* [Task description] Transcribe all of the records word for word, but omit the pictures.

Records from a dataset
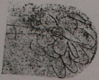
Stromy. (Kreslilo slabomyslné děvče.) \frac{1}{2}
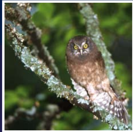
▲ Aegolius funereus
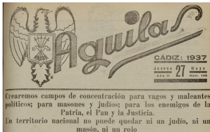
„Aguilar 89 , Cádiz: 1937, Jueves 27 Mayo“ (Adler, Cádiz, 27.5.1937) 90
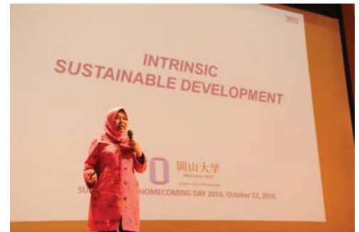
〈スーパーグローバルホームカミングデーの記念講演〉

平成28年10月に、スーパーグローバルホームカミングデーを開催し、国際同窓会の支部長を本学に招集して受入留学生増加について協力を要請するとともに、記念講演会を開催した。
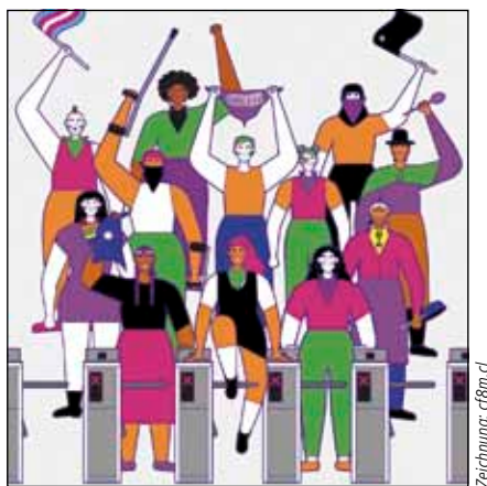
Die „Coordinadora Feminista 8M“ ist eine treibende Kraft des Aufstands in Chile

Das alles ertrugen die Chilenen jahrelang. Ein Funke genügte aber, ein loderndes Feuer zu entfachen. Am 18. Oktober 2019 sprangen hunderte Schüler über die Einlassdrehkreuze der U-Bahn, um gegen eine Preiserhöhung zu protestieren. Die Regierung unter Präsident Piñera nahm die Preiserhöhung zwar nach der gewaltsamen Unterdrückung der Proteste zurück, aber diese waren nicht mehr aufzuhalten. Die stille Unzufriedenheit mit seiner Politik – hohe Lebenshaltungskosten, niedrige Renten, hohe Preise für Medikamente, das privatisierte Bildungssystem mit der Verschuldung durch Studienkredite und sozialer Ungleichheit als Folge des neoliberalen Wirtschaftssystems – entlud sich explosionsartig. „Chile ist erwacht“ war nun die Losung.
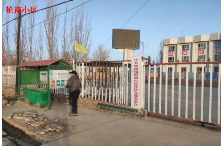
图 3-4 2025 年 2 月 28 日轮南小区张贴公示情况

我公司于 2025 年 2 月 28 日在轮南小区张贴了项目环境影响报告书公示信息，现场公示照片见图 3-4。
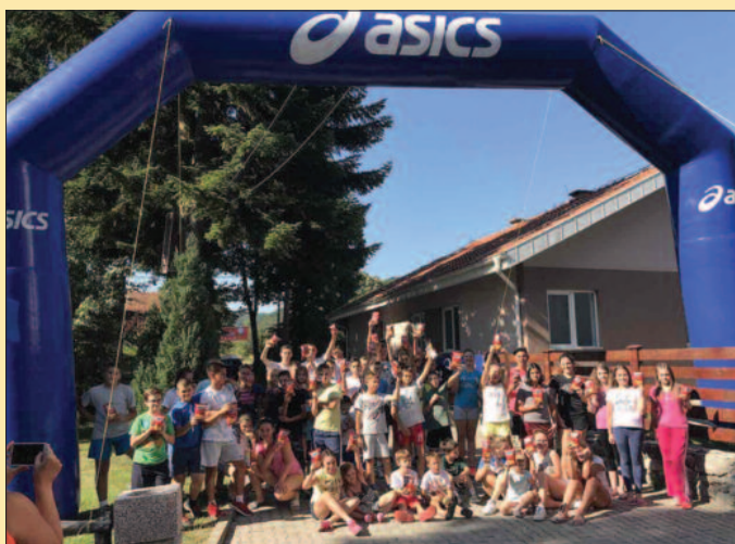
У знаку АСИКСа почетак друге смене кампа у Митровом Пољу

- Веома сам задовољан. Ово нам је једна од најбољих других смена на кампу, само смо једне године имали више полазника у дру-
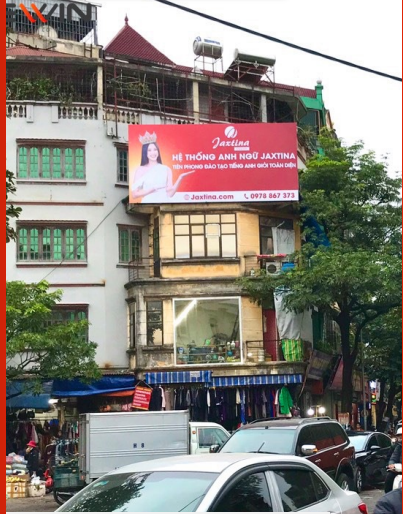
Billboard quảng cáo của Jaxtina tại Hà Nội

* [Response]
Stromy. (Kreslilo slabomyslné děvče.) \frac{1}{2}
▲ Aegolius funereus
„Aguilar 89 , Cádiz: 1937, Jueves 27 Mayo“ (Adler, Cádiz, 27.5.1937) 90
〈スーパーグローバルホームカミングデーの記念講演〉

平成28年10月に、スーパーグローバルホームカミングデーを開催し、国際同窓会の支部長を本学に招集して受入留学生増加について協力を要請するとともに、記念講演会を開催した。
Die „Coordinadora Feminista 8M“ ist eine treibende Kraft des Aufstands in Chile

Das alles ertrugen die Chilenen jahrelang. Ein Funke genügte aber, ein loderndes Feuer zu entfachen. Am 18. Oktober 2019 sprangen hunderte Schüler über die Einlassdrehkreuze der U-Bahn, um gegen eine Preiserhöhung zu protestieren. Die Regierung unter Präsident Piñera nahm die Preiserhöhung zwar nach der gewaltsamen Unterdrückung der Proteste zurück, aber diese waren nicht mehr aufzuhalten. Die stille Unzufriedenheit mit seiner Politik – hohe Lebenshaltungskosten, niedrige Renten, hohe Preise für Medikamente, das privatisierte Bildungssystem mit der Verschuldung durch Studienkredite und sozialer Ungleichheit als Folge des neoliberalen Wirtschaftssystems – entlud sich explosionsartig. „Chile ist erwacht“ war nun die Losung.
图 3-4 2025 年 2 月 28 日轮南小区张贴公示情况

我公司于 2025 年 2 月 28 日在轮南小区张贴了项目环境影响报告书公示信息，现场公示照片见图 3-4。
У знаку АСИКСа почетак друге смене кампа у Митровом Пољу

- Веома сам задовољан. Ово нам је једна од најбољих других смена на кампу, само смо једне године имали више полазника у дру-
Billboard quảng cáo của Jaxtina tại Hà Nội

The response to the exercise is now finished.